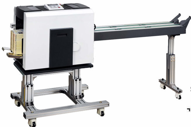
Shown with Adjustable Stand and Long Conveyor

the most advanced heavy duty office pressure sealer
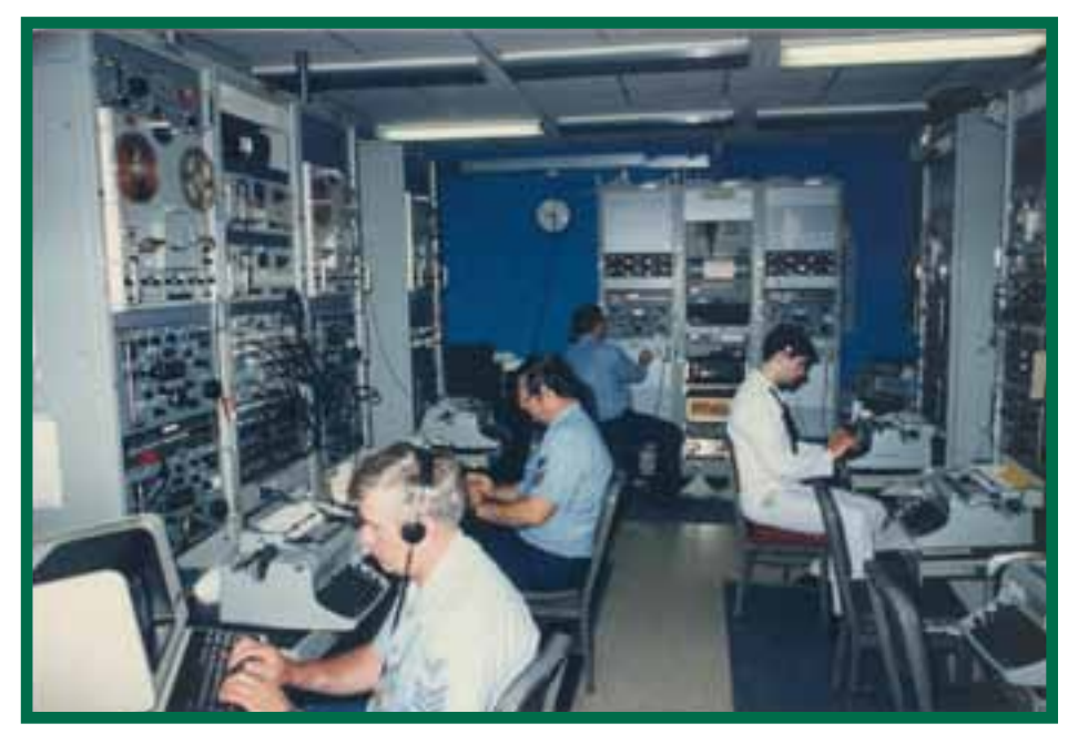
NSGR training suite

In addition to training, which was in the hands of the small group of experienced personnel known as "cadre" in most units, much reservist time was spent on recruiting and screening new members. The NSGR received a regular influx of personnel coming off active duty, yet it is evident that by the late 1950s the program had drifted from its operational aspirations and was becoming mired in routine, with too much training and administrative work and not enough real-world activities. Few reservists were assigned any specific wartime mission. The large-scale growth in the active duty Naval Security Group during this period was not
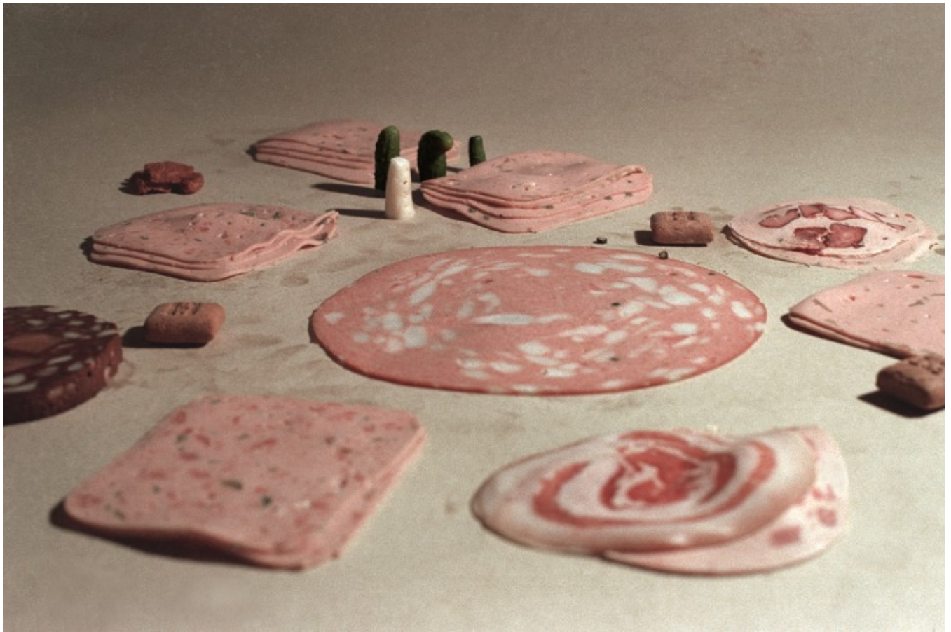
[9] Peter Fischli David Weiss. At the Carpet Shop (from Sausage Series ), 1979 Chromogenic print, 24 x 36 cm

Walker Art Center, Minneapolis, Clinton and Della Walker Acquisition Fund, 1993 © 2015, Peter Fischli and David Weiss
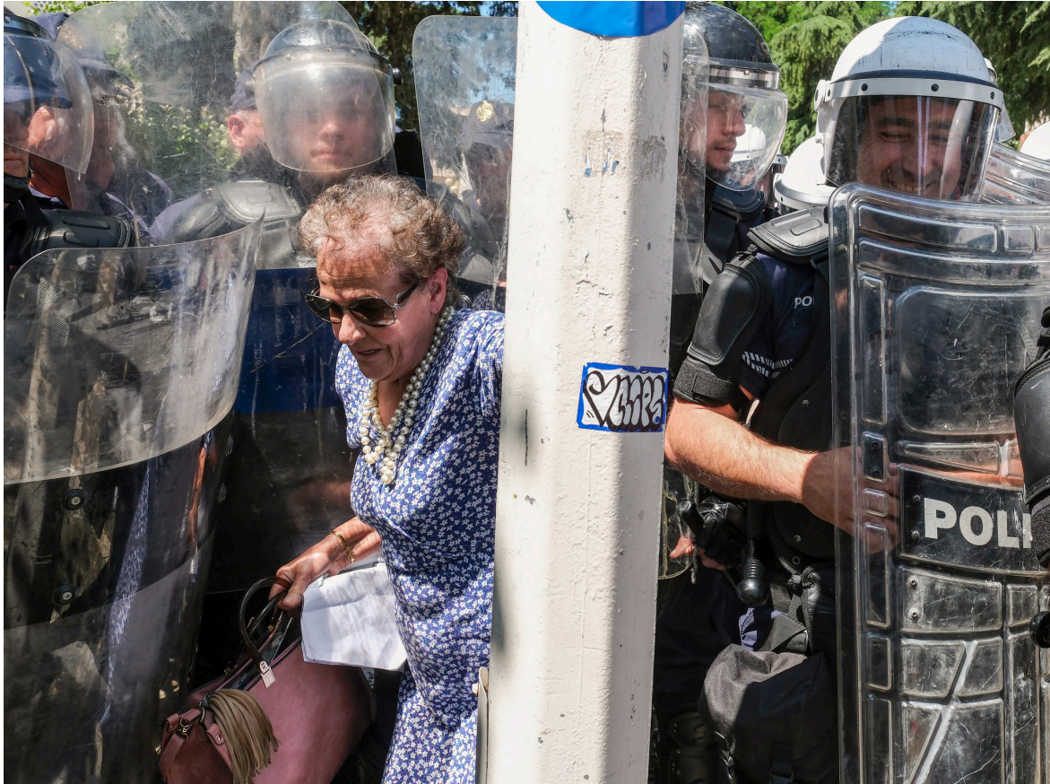
TIRANA, ALBANIA – JUNE 23, 2024: An elderly woman is pushed by police during a protest in front of the Parliament in June,23 2024. One officer in riot gear is visible, smiling as he manages the crowd.
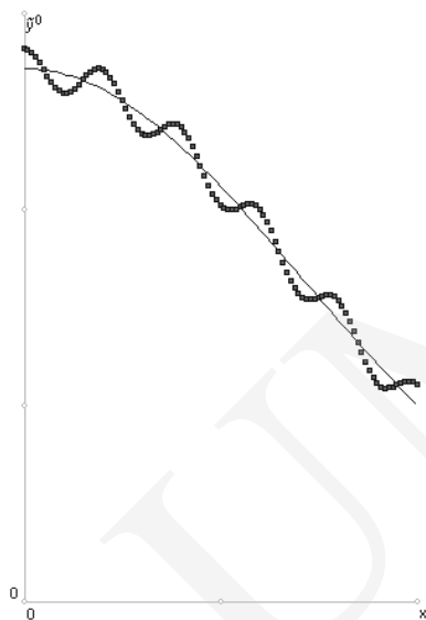
Fig. 2. The exact solution and \tilde{y}_i^0 for l = 2 , T = 1 , \beta_0 = 0.5 , E_S = 10^{-1} , h_i^0 = 0.02 .

++++++

WORK TO COMPLETE. Above are the records; transcribe them exactly without the pictures.

ANSWER TO THE EXERCISE.
Shown with Adjustable Stand and Long Conveyor

the most advanced heavy duty office pressure sealer
NSGR training suite

In addition to training, which was in the hands of the small group of experienced personnel known as "cadre" in most units, much reservist time was spent on recruiting and screening new members. The NSGR received a regular influx of personnel coming off active duty, yet it is evident that by the late 1950s the program had drifted from its operational aspirations and was becoming mired in routine, with too much training and administrative work and not enough real-world activities. Few reservists were assigned any specific wartime mission. The large-scale growth in the active duty Naval Security Group during this period was not
[9] Peter Fischli David Weiss. At the Carpet Shop (from Sausage Series ), 1979 Chromogenic print, 24 x 36 cm

Walker Art Center, Minneapolis, Clinton and Della Walker Acquisition Fund, 1993 © 2015, Peter Fischli and David Weiss
TIRANA, ALBANIA – JUNE 23, 2024: An elderly woman is pushed by police during a protest in front of the Parliament in June,23 2024. One officer in riot gear is visible, smiling as he manages the crowd.
Fig. 2. The exact solution and \tilde{y}_i^0 for l = 2 , T = 1 , \beta_0 = 0.5 , E_S = 10^{-1} , h_i^0 = 0.02 .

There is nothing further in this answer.